3,756 stars Python 6 components

Serves thousands of fine-tuned LoRA adapters on a single GPU with dynamic loading

HTTP requests with adapter specifications flow through a Rust router that validates them, downloads any missing adapters, and batches requests together regardless of which adapters they use. The batches are sent via gRPC to Python inference servers that load the base model once and dynamically apply different LoRA adapters per request within the same batch, generating text that flows back through the router to HTTP responses.

Under the hood, the system uses 3 feedback loops, 4 data pools, 4 control points to manage its runtime behavior.

A 6-component ml inference. 218 files analyzed. Data flows through 5 distinct pipeline stages.

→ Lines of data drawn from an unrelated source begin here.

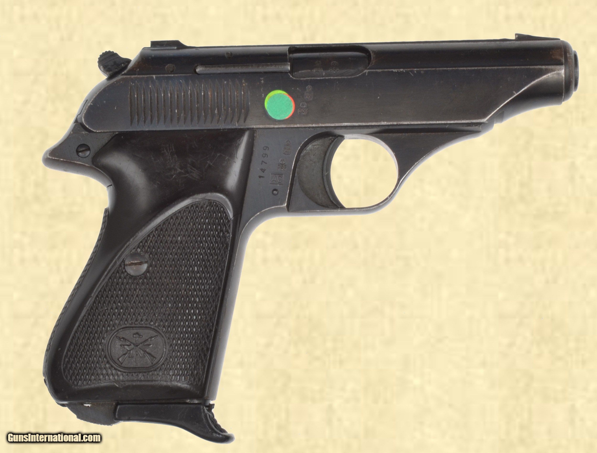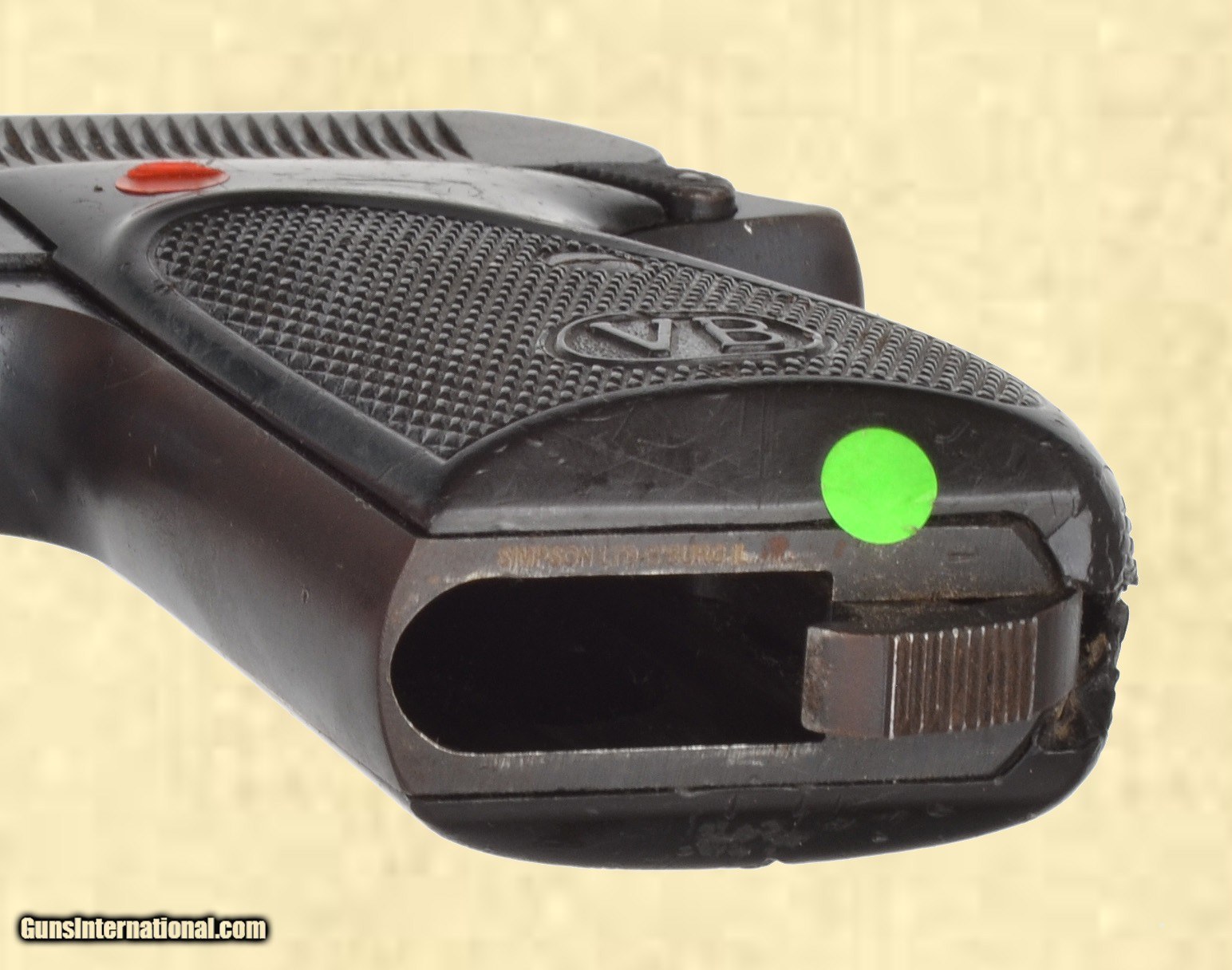 Description: 380 Cal; 85% blue, very good bore, good stock, 3 1/2'' barrel, The Bernardelli Model 60 is a popular blowback type pocket pistol produced during the 1950's & 60's. The Model 60 morphed into the Model 80 after the GCA of 1968, the only differences are a thumb rest grips and adjustable sights to win the necessary points for importation. Note a small chip in the grips by the magazine release. Mechanically, this pistol functions just fine. Please call (309)342-5800 Tues-Fri, 10 am -6pm (CST), or Sat 1pm-6pm (CST), to speak with our sales team for further information, or to purchase firearms. FEDERAL FIREARMS LICENSE (FFL): is required on all shipments of modern guns. We must wait for a copy from your dealer before we can ship to them. We will also ship C&R eligible firearms to Curio and Relic (C&R) license holders. We accept your signed, legible FFL and C&R licenses via fax at 309/ 342-5730 (always on), email at FFLsimpsonltd or through the mail at Simpson Ltd; 140 S Seminary St; Galesburg, IL 61401. Pre-1898 firearms and non-firearms items are exempt from licensing requirements. All items shipped to an Illinois address will be charged 8.75% sales tax. NOTE: Because of recent shipping restrictions and charges placed on us by UPS and FedEx (handguns must ship via next day or 2nd day air and they have added a $10 surcharge for parcels over 48”. Our return policy lasts a maximum of 3 days from the time you receive your item. If 3 days have passed since you received your purchase, and we have not been contacted by you, unfortunately, we can’t offer you a refund or exchange. If you are not happy with your purchase, please contact us by phone and/or email to arrange for a return. Items must be shipped back to us to arrive with 7 days of notification of return. LAYAWAY POLICY: We are willing to put items on layaway for you under the following conditions: The item must be priced at $500 or more with a 20% minimum deposit and must be paid off within 30 days. You may have a maximum of 2 items on layaway at one time. If the balance is not paid off within the 30 day period, all deposits and payments will be forfeited and not returned or applied to another item. SOLD Serial Number: 14799 |
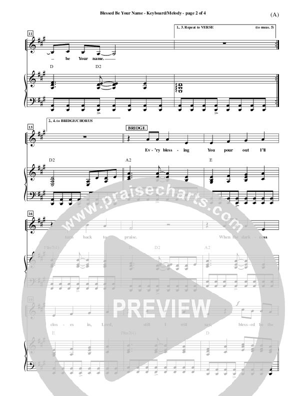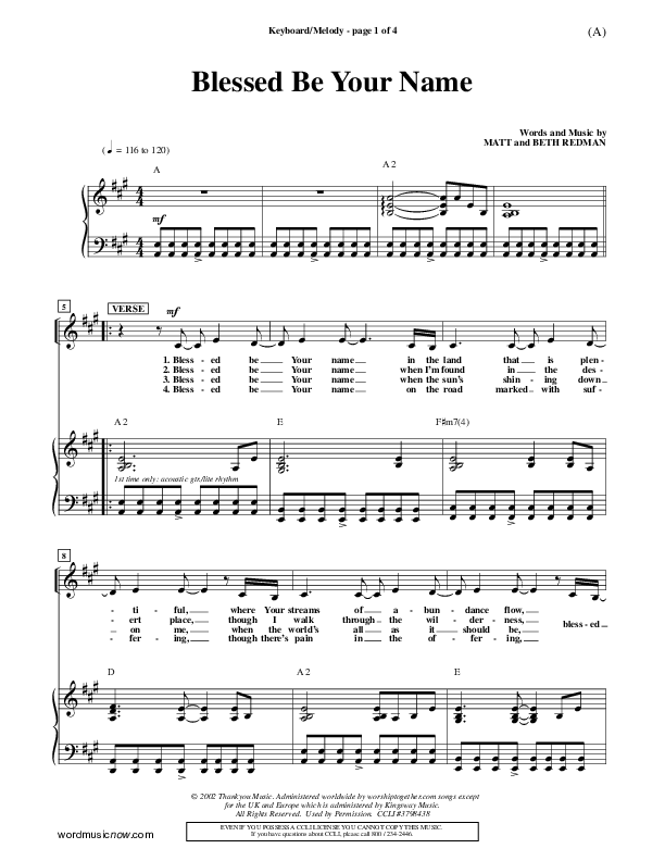 Download the sheet music for Blessed Be Your Name by Matt Redman, from the album Word Music Now. This song was arranged by Keith Christopher in the key of A, Bb.
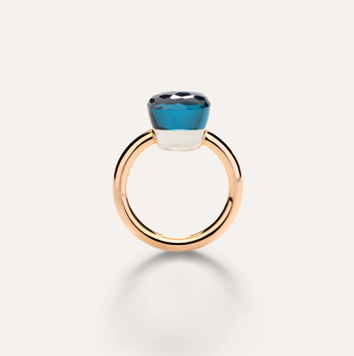 A Pomellato London blue topaz Nudo Classic ring, set in 18K white and rose gold.
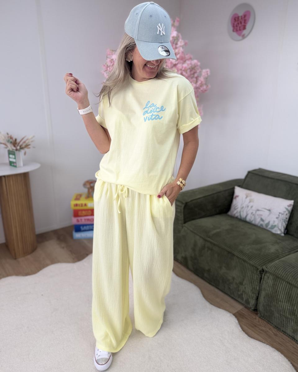 Pantalon gaze de coton jaune
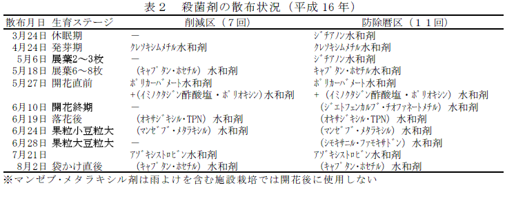 雨よけ栽培ではビニールを被覆している期間は施設栽培とみなされるため、マンゼブ剤の開花後の散布はできない。 |
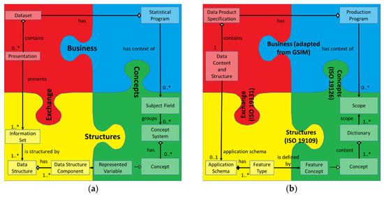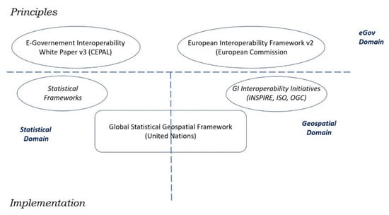 First of all, we remark that we have centered this section on the significant components of the previously presented statistical frameworks. This is so because in the geospatial domain, there is no equivalent global authority to the HLG-MOS, and also because there is a greater tradition regarding the use and development of international standards and adoption of standards from other sectors. The absence of frameworks defined by a global geospatial authority leads us to adopt a different working method in this section than in Section 3. Thereby, whereas in Section 3, a description of the documents that establish frameworks was presented, in this section a search for relevant elements (documents, examples, etc.) must be carried out. In this way, we deduce the implicit existence of parallel frameworks to those existing in the statistical area.
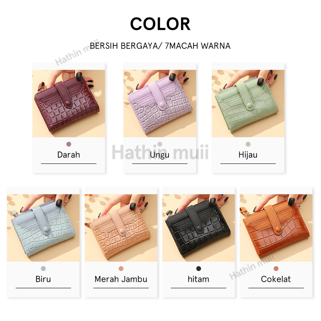 Detail Hathin muii Genie Wallet Dompet Wanita Original Realpic Croco leather Dompet Lipat bisa Cod35
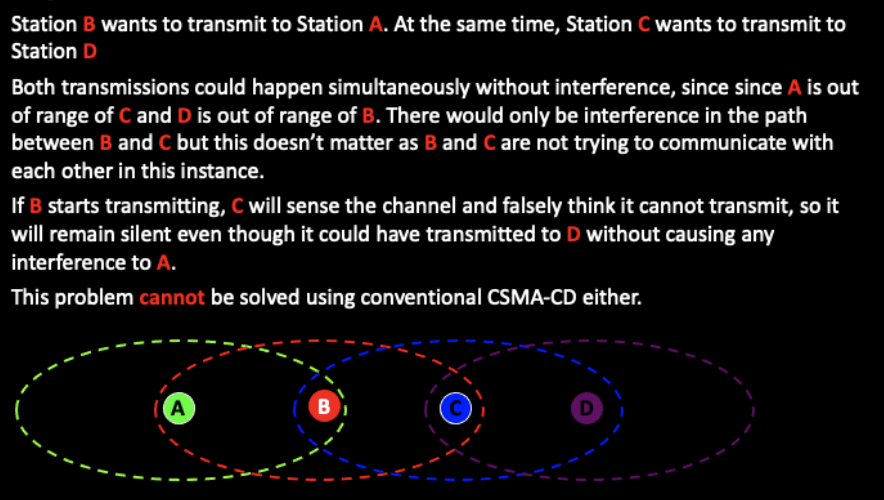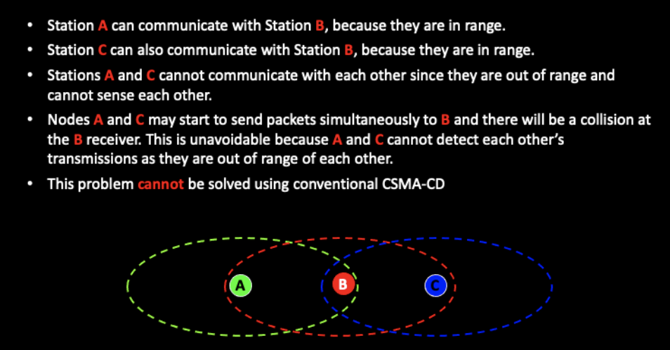 On a wireless network its not always possible for a station to hear all other stations, so a sending station that is free to transmit has no way of knowing if the receiving stations is free as well.
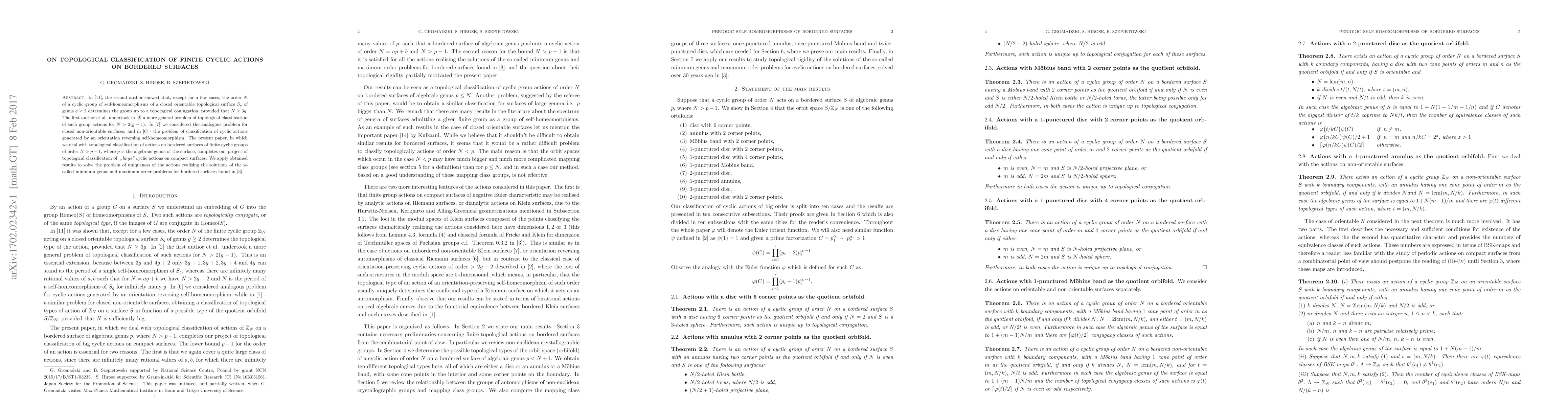 This paper completes the topological classification of finite cyclic group actions on bordered surfaces, extending previous work on closed surfaces. It focuses on actions with order $N>p-1$, where $p$ is the algebraic genus, and resolves the uniqueness of actions realizing minimum genus and maximum order solutions.
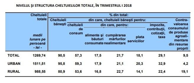 După ce își plătește mâncarea și curentul electric, românul rămâne cu prea puțini bani pentru investiții, care însumează doar 0,3% din cheltuieli.Veniturile totale medii lunare au reprezentat în trimestrul I 2018, în termeni nominali, 3.873 lei pe gospodărie şi 1.483 lei pe persoană, potrivit unui comunicat publicat vineri de Institutul Național de Statistică.Cheltuielile totale ale populaţiei, au fost, în trimestrul I 2018, în medie, de 3.317 lei lunar pe gospodărie (1.270 lei pe persoană) şi au reprezentat 85,6% din nivelul veniturilor totale.Veniturile băneşti au fost, în medie, de 3.505 lei lunar pe gospodărie (1.342 lei pe persoană), iar veniturile în natură de 368 lei lunar pe gospodărie (141 lei pe persoană).Salariile şi celelalte venituri asociate lor au format cea mai importantă sursă de venituri (64,6% din veniturile totale ale gospodăriilor). [caption id="attachment_5682" align="alignnone" width="624"]
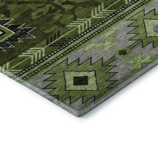 Mayfield Premium Machine Washable Abstract AMF1754 Olive 5 ft. x 7 ft. 6 in. Area Rug
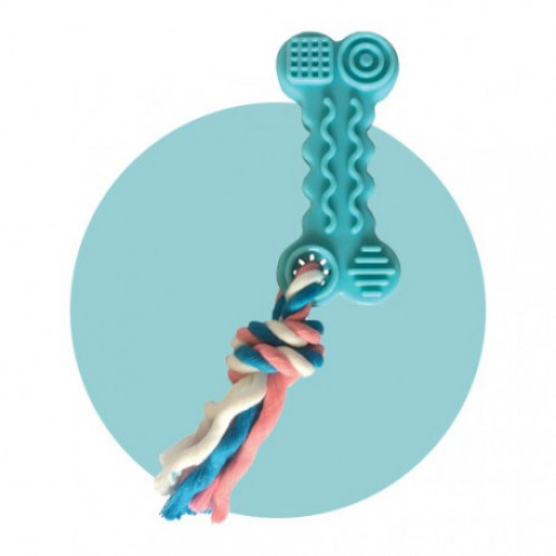 Hračka pre šteňatá modrá kosť s lanom 15 cm. Ideálne pre šteniatka, na hryzenie a zabavenie.
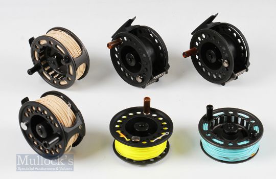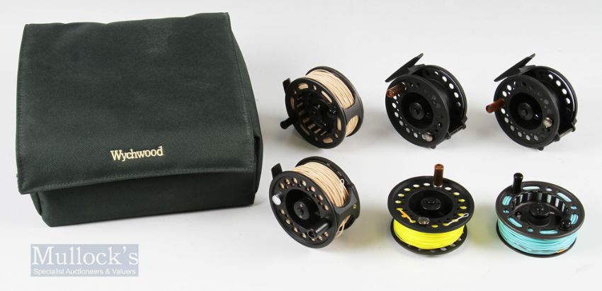 Reel and Spool Selection with Wychwood Case – LA Scorpion Economy composite 5/6/7# 3 3/8” fly reel and spare spool, Fishlogic 5/6# 3 3/8” reel, Fly 100 455 Geologic composite 3 3/8” reel, Wychwood Trufly alloy 5/6# 3 3/8” reel with spare spool, all in Wychwood 8 section padded reel case (7)

How Data Flows Through the System

Accept HTTP request — The router receives HTTP POST requests at /generate endpoint, deserializing JSON into Request objects with input text, generation parameters, and optional adapter_id/adapter_source fields (config: max_input_length, max_total_tokens)
Validate and load adapter — AdapterLoader checks if the specified adapter exists in cache, downloads from HuggingFace Hub/S3/filesystem if missing, and triggers preload on inference servers via gRPC DownloadAdapter call [Request → LoraConfig] (config: adapter_source, max_active_adapters)
Schedule heterogeneous batch — Scheduler groups multiple requests with potentially different adapters into a single Batch, optimizing for max_batch_total_tokens and waiting_served_ratio constraints while tracking adapter indices [Request → Batch] (config: max_batch_total_tokens, waiting_served_ratio, max_waiting_tokens)
Apply multi-LoRA inference — FlashCausalLM processes the batch by running base model forward pass and using LoraLinearLayer components to dynamically apply different adapter weights based on AdapterBatchData indices, leveraging SGMV kernels for efficiency [Batch → Generation] (config: use_sgmv, r, lora_alpha)
Stream response tokens — Generated tokens are streamed back via gRPC Generation messages, converted to HTTP Server-Sent Events or JSON responses based on the stream parameter in original request [Generation] (config: stream)

Data Models

The data structures that flow between stages — the contracts that hold the system together.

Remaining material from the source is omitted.